A vibrant Spanish classic combining saffron rice, smoky chorizo, fresh seafood, and colorful vegetables.
# Components:
→ Proteins
01 - 7 oz chorizo sausage, sliced
02 - 9 oz boneless, skinless chicken thighs, cut into bite-sized pieces
03 - 9 oz large shrimp, peeled and deveined
04 - 9 oz mussels, cleaned and debearded
05 - 7 oz calamari rings (optional)
→ Rice and Broth
06 - 2 cups short-grain paella or Arborio rice
07 - 4 cups chicken or seafood stock, heated
08 - 1/2 teaspoon saffron threads
09 - 2 tablespoons olive oil
→ Vegetables
10 - 1 medium onion, finely chopped
11 - 1 red bell pepper, sliced
12 - 1 yellow bell pepper, sliced
13 - 2 medium tomatoes, diced
14 - 1 cup frozen peas
15 - 3 cloves garlic, minced
→ Spices & Seasoning
16 - 1 teaspoon smoked paprika
17 - Salt and black pepper, to taste
18 - 1 bay leaf
→ Garnish
19 - Fresh parsley, chopped
20 - Lemon wedges
# Method:
01 - Steep the saffron threads in 3 tablespoons of hot stock and set aside.
02 - Heat olive oil in a large paella pan or wide, deep skillet over medium heat. Add chorizo and chicken; cook for 5 to 7 minutes until browned. Remove and set aside.
03 - Add onion and bell peppers to the pan and sauté for 4 to 5 minutes until softened. Stir in garlic and tomatoes and cook for 2 more minutes.
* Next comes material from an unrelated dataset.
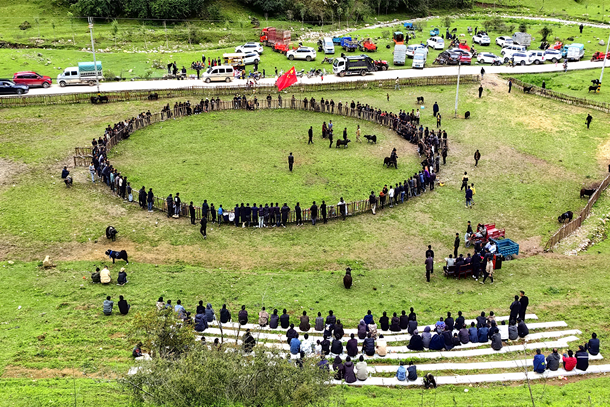 图为博作村“农文旅”融合斗羊比赛民俗文化活动现场。

04 - Stir in the rice and smoked paprika, coating the grains evenly with oil and vegetables.
05 - Return chicken and chorizo to the pan. Pour in the saffron-infused stock along with remaining stock, bay leaf, salt, and pepper. Stir gently to combine.
06 - Bring to a boil, then reduce heat to low and simmer uncovered for 15 minutes without stirring.
07 - Nestle shrimp, mussels, and calamari into the rice and scatter peas on top. Cover loosely with foil and cook for 10 to 12 minutes until seafood is cooked and mussels have opened.
08 - Remove from heat and let rest covered for 5 minutes. Discard any unopened mussels. Garnish with chopped parsley and lemon wedges before serving.